In such cases, the Customer shall always be liable to fixed compensation by operation of law and without prior notice of default of fifteen (15%) of the price of the order, without prejudice to Nobscot's right to claim higher compensation if the damage actually suffered is higher. As the case may be, all claims of Nobscot against the Customer shall also become immediately due and payable by operation of law and without prior notice of default. 


11. Intellectual property
All intellectual property rights relating to the goods and services provided remain with Nobscot and are not transferred or licensed to the Customer. 


12. Divisibility
If one (whole or part) or more provisions of these General Terms and Conditions should be found to be invalid or unenforceable, this will not affect the validity or enforceability of the other provisions or of that part of the provision in question which is not invalid or unenforceable.

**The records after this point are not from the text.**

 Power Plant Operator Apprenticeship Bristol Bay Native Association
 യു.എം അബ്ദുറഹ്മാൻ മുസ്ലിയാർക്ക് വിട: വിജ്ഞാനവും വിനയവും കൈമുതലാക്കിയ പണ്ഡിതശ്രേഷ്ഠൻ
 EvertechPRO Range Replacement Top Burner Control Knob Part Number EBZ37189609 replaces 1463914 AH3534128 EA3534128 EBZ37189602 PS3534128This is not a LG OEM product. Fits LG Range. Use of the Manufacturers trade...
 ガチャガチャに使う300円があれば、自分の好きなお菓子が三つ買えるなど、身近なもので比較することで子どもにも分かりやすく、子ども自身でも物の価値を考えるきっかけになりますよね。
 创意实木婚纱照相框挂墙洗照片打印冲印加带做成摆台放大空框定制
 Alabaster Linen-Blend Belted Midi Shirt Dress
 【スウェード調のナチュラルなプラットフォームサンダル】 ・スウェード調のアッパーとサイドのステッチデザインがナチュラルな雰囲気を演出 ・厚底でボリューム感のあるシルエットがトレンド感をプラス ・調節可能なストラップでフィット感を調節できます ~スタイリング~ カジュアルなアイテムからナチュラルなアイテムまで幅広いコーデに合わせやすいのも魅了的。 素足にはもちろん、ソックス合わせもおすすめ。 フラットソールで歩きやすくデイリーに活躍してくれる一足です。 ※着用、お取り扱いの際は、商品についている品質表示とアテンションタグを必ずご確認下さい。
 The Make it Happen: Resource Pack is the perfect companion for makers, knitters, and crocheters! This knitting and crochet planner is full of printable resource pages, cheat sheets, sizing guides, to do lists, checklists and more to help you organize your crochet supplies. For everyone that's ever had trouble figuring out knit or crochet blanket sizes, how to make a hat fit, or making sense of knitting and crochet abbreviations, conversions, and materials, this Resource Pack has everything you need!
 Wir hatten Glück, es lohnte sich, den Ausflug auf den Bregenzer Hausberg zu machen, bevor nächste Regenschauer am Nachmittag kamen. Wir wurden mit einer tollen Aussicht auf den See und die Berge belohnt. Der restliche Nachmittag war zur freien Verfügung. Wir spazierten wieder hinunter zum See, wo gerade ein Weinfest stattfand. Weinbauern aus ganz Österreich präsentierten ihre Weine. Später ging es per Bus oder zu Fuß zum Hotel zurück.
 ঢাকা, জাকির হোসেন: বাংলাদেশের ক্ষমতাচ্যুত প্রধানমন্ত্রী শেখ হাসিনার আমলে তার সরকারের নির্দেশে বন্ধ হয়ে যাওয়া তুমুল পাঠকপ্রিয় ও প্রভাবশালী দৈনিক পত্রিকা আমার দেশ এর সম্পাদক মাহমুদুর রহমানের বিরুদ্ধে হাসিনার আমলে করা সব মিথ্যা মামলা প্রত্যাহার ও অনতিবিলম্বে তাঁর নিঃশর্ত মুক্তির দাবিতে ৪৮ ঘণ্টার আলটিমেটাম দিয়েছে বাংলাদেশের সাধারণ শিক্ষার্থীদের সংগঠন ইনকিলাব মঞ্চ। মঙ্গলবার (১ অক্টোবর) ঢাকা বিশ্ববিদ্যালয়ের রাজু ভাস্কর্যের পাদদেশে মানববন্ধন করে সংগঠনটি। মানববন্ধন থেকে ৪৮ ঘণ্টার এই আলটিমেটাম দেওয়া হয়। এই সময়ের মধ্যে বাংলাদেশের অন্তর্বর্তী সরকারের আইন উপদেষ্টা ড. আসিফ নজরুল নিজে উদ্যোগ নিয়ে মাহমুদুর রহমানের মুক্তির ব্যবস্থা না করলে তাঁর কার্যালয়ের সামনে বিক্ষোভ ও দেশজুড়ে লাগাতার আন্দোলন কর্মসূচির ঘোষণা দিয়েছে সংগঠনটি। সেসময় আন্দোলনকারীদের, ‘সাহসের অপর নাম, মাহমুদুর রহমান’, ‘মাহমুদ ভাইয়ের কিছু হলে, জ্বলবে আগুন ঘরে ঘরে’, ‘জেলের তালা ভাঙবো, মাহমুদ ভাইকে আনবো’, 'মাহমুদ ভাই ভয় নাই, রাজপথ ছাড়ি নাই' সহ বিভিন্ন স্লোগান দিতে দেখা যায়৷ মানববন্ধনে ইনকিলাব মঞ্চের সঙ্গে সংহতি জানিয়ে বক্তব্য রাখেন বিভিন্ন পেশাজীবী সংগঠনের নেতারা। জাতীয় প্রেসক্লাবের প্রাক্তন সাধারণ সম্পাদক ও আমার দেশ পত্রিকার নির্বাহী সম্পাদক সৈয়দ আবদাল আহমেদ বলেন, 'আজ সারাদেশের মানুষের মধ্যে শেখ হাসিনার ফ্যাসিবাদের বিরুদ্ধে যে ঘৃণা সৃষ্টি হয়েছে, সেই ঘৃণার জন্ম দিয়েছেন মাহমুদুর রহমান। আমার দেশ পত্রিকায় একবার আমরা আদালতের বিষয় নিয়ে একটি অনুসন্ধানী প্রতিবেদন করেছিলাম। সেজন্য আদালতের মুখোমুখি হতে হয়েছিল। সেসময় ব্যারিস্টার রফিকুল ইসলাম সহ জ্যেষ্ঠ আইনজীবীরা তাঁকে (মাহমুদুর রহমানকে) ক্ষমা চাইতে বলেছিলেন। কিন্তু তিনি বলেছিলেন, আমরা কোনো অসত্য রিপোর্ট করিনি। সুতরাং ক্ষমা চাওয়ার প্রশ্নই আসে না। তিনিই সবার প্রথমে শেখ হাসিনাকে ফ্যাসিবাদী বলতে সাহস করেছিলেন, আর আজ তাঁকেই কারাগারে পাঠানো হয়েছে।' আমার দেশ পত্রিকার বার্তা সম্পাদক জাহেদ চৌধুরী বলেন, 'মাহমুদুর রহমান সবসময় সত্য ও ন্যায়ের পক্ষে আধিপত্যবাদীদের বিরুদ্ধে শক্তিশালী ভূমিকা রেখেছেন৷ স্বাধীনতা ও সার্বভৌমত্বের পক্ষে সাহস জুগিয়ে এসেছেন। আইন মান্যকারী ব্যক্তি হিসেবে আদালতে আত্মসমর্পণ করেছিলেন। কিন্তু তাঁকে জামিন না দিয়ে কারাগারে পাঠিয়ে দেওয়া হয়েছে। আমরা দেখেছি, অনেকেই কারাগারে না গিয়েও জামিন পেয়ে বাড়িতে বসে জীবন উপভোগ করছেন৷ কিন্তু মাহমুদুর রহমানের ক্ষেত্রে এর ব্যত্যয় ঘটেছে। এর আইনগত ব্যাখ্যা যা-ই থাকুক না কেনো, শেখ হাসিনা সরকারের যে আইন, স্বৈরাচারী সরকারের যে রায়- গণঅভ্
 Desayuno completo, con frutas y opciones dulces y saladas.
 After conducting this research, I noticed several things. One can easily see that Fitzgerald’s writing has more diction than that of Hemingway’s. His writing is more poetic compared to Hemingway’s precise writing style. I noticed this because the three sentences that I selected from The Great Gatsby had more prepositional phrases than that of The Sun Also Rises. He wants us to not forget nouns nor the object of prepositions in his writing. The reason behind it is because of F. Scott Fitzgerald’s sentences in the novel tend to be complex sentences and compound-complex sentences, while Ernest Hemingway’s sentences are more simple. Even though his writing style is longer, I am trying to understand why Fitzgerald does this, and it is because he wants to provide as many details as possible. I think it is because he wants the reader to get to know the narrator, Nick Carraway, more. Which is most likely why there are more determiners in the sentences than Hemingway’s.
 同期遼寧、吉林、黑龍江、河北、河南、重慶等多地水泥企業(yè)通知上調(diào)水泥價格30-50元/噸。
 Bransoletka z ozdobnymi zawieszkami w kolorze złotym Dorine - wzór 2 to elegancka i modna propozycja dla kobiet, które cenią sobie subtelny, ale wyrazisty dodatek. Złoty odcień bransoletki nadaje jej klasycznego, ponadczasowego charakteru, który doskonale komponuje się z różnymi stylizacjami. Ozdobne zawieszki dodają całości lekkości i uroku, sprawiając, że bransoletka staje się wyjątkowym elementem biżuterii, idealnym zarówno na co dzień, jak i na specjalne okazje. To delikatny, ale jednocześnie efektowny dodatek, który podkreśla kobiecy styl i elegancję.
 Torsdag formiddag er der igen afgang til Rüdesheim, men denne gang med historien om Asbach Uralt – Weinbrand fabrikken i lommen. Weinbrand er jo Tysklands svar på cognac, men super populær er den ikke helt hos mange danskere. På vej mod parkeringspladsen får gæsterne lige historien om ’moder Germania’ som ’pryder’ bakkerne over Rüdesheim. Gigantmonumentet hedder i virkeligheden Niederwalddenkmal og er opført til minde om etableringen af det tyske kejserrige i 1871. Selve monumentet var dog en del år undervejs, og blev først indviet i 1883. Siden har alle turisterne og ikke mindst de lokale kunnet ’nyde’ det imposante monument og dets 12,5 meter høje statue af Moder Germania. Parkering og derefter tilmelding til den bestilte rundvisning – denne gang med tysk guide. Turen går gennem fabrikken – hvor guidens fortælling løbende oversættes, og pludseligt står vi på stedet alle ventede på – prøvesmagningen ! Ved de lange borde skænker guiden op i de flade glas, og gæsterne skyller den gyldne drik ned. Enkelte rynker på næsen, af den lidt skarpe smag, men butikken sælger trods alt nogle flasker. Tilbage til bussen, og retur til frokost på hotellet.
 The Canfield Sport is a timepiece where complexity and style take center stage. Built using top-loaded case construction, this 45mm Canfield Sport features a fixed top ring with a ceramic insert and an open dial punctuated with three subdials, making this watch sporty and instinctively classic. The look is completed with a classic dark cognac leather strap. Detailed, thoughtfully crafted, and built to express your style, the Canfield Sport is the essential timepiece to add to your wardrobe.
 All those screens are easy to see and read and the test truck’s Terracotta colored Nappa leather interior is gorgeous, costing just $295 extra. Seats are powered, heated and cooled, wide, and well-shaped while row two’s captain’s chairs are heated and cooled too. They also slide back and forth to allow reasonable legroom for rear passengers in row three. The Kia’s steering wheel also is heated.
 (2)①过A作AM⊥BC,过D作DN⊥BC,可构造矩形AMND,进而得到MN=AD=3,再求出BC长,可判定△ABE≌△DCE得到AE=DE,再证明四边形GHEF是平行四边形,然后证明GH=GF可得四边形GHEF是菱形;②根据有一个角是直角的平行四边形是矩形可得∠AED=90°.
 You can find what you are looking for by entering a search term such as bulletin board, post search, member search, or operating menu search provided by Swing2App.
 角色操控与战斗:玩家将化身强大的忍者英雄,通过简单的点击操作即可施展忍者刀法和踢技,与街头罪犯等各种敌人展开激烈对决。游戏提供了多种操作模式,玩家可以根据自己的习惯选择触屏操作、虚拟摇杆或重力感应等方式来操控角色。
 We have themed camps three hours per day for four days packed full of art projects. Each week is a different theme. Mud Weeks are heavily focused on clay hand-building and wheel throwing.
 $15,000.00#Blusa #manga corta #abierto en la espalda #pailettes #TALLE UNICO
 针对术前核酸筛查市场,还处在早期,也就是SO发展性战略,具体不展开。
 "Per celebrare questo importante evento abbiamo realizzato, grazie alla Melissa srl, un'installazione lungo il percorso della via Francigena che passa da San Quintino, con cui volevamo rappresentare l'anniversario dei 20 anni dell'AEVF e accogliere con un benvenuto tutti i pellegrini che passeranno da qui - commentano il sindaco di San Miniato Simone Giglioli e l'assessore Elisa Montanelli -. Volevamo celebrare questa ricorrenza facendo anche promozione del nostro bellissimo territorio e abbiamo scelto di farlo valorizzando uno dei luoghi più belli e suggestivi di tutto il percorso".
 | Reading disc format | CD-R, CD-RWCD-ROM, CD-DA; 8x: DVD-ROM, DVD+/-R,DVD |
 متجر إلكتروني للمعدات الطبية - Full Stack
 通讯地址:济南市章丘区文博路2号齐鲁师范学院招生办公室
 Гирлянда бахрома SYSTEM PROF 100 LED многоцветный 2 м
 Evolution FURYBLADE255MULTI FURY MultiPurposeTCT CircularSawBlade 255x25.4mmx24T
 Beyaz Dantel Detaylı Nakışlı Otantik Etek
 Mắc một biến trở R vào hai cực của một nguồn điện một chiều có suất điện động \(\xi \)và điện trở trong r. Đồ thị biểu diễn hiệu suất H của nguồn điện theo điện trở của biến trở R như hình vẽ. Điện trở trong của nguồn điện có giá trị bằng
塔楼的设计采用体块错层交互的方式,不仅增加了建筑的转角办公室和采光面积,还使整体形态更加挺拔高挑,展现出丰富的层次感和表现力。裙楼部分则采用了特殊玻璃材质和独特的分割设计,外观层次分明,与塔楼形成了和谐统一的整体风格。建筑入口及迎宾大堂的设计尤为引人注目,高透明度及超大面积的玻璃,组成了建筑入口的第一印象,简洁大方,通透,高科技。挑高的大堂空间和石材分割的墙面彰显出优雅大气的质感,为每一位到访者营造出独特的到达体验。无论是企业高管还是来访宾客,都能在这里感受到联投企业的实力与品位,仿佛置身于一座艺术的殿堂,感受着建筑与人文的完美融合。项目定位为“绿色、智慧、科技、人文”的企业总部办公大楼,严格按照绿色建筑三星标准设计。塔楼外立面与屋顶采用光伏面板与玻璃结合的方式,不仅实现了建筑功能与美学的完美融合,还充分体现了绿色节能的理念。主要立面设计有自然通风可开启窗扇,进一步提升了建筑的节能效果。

In such cases, Nobscot and the Customer shall negotiate in good faith with a view to replacing the conflicting or unenforceable provision with a legally valid and enforceable provision which comes as close as possible to the purpose and spirit of the original provision.


13. Applicable law and competent jurisdiction
For all disputes relating to an offer, quotation and order confirmation from, and agreement between, Nobscot of/and the Customer, the courts of the judicial district of West Flanders, subsection Kortrijk, shall have exclusive jurisdiction, and Belgian law, to the exclusion of the United Nations Convention of 11 April 1980 on Contracts for the International Sale of Goods and the Convention of 14 June 1974 on the Limitation Period in the International Sale of Goods, shall exclusively apply.